2.1 3D Generative Adversarial Networks

Generative Adversarial Networks (GANs) [8] have witnessed great success in synthesizing 2D images  [15, 16, 14], but cannot fully model the 3D nature of the visual world. Recently, to enable 3D-aware image synthesis that allows explicit viewpoint control, there is a surge of interest to develop 3D GANs. While some works use 3D supervision [38, 6, 7, 42], we focus on approaches trained on monocular image collection only as images are easy to collect in large scale. The methods [22, 23, 18] combine voxelized feature grid with 2D convolutional neural renderer for 3D-aware image synthesis. While achieving promising results, the 3D consistency is limited. Henzler  [11] and Szabo  [33] learn to directly generate voxels and meshes respectively, but show artifacts due to the difficulty in training. Recently, the prosperous of NeRF [21] has motivate researchers to use coordinate-based implicit functions as the representation for 3D GANs. In particular, GRAF [30] and pi-GAN [4] have shown large potential of NeRF-based GAN for 3D aware image synthesis.
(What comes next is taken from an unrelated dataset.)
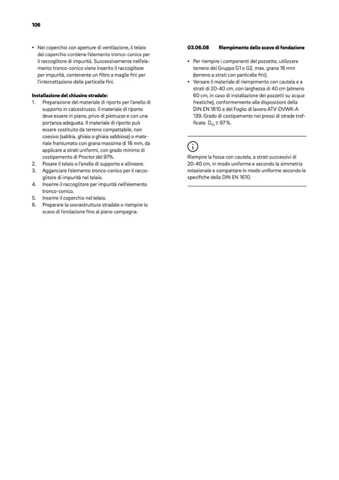 terreno del Gruppo G1 o G2, max. grana 16 mm

They are then extended to learn more accurate 3D object shapes [27, 40, 25, 5] and more photorealistic image synthesis [24, 9, 25, 5]. These advances have largely pushed forward the boundary of 3D-aware image synthesis.

Among these works, some of them also study compositional image synthesis [24, 23, 18]. All these works model composition in the object level (, shifting or inserting an intact object) but cannot edit a part of an object without changing other parts. In contrast, our method can model the compositionality within an object, allowing 3D object synthesis with more fine-grained control. For instance, for any face volume generated by our model, we can edit one part like hair or eyes while keeping other parts fixed.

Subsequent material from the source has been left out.